Hi! I’ve built and host www.trackmypilot.com on fly. I have 2 worker machines, 4 web machines in 2 regions (dfw, sjc), and a non-managed postgres cluster - 3 in dfw and 1 backup in sjc. Here are results of the status commands:
fly status
App
Name = track-my-pilot
Owner = personal
Hostname = track-my-pilot.fly.dev
Image = track-my-pilot:deployment-01KJN7DHSN3KFS4VV6TW7035WZ
Machines
PROCESS ID VERSION REGION STATE ROLE CHECKS LAST UPDATED
web 287d674a003d08 237 sjc started 2026-03-01T17:42:57Z
web 48e6393b7e0508 237 sjc stopped 2026-03-01T17:35:06Z
web 9185507db91183 237 dfw stopped 2026-03-01T17:35:04Z
web e2861366ad0686 237 dfw started 2026-03-01T17:35:08Z
worker 17810766b3de89 237 dfw started 2026-03-01T17:35:07Z
worker† 6e823745cd0987 237 dfw stopped 2026-03-01T17:35:04Z
Notes:
† Standby machine (it will take over only in case of host hardware failure)
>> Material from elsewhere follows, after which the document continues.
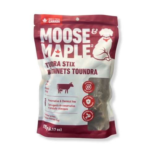 Moose and Maple Tundra Sticks Beef Dog Treats are a protein-packed, naturally delicious reward made for dogs who crave real meat and simple ingredients. Crafted with Canadian-sourced beef, these chewy sticks deliver irresistible flavour while supporting clean, species-appropriate snacking.

fly status -a track-my-pilot
App
Name = track-my-pilot
Owner = personal
Hostname = track-my-pilot.fly.dev
Image = track-my-pilot:deployment-01KJN7DHSN3KFS4VV6TW7035WZ
Machines
PROCESS ID VERSION REGION STATE ROLE CHECKS LAST UPDATED
web 287d674a003d08 237 sjc started 2026-03-01T17:42:57Z
web 48e6393b7e0508 237 sjc stopped 2026-03-01T17:35:06Z
web 9185507db91183 237 dfw stopped 2026-03-01T17:35:04Z
web e2861366ad0686 237 dfw started 2026-03-01T17:35:08Z
worker 17810766b3de89 237 dfw started 2026-03-01T17:35:07Z
worker† 6e823745cd0987 237 dfw stopped 2026-03-01T17:35:04Z
Notes:
† Standby machine (it will take over only in case of host hardware failure)
The last 3 days performance has been incredibly slow - sometimes! Sometimes it’ll be great, other times it takes 10 seconds to load a page. Logs for the app and database show nothing. Local testing and looking at database queries shows nothing abnormal (2-3 queries per page load). Everything is built in Python / Django.
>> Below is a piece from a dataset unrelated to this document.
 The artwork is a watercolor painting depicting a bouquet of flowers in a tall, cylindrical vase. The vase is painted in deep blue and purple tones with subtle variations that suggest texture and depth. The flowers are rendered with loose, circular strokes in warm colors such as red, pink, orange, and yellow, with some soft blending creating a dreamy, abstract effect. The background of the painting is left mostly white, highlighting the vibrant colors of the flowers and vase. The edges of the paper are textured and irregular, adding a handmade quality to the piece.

Where should I even start to look for the issue, or how can I attempt to monitor the site better?
I would look at the e28613* Machine’s metrics in Grafana, etc. Sometimes an individual physical host machine can have network problems that don’t quite rise to the level of triggering an alert over in Fly.io central, …
(You could even cordon that one Machine for a while, to see if the other dfw instances fare any better.)
Thanks! I’ve tried cordoning the machine and it seems somewhat faster but not great. Curl’ing sjc is definitely faster than dfw. Here’s a view of the http response times. You can see that it got crazy 2/27 (30 minutes!!) then calmed down but is still hovering around 30 seconds for some regions.
Is it worth setting up an Apache image in the same region serving just HTML? I wonder if there is an issue with your app. Check CPU performance too. I appreciate there may well be latency issues in the Fly network, but it’s worth ruling out other issues too.
With properly tuned soft_limits, high load (like a DOS) would have auto-started both the e286* and the 9185* Machines, but in your fly status output only one of those two was running.
If I recall correctly, you can look at how request/connection counts compare between regions under App Concurrency.
Aside: We in the community forum generally can’t see your metrics, or follow links to your Grafana dashboard, etc., so we only know what you yourself post in the form of screenshots, output excerpts, and so on.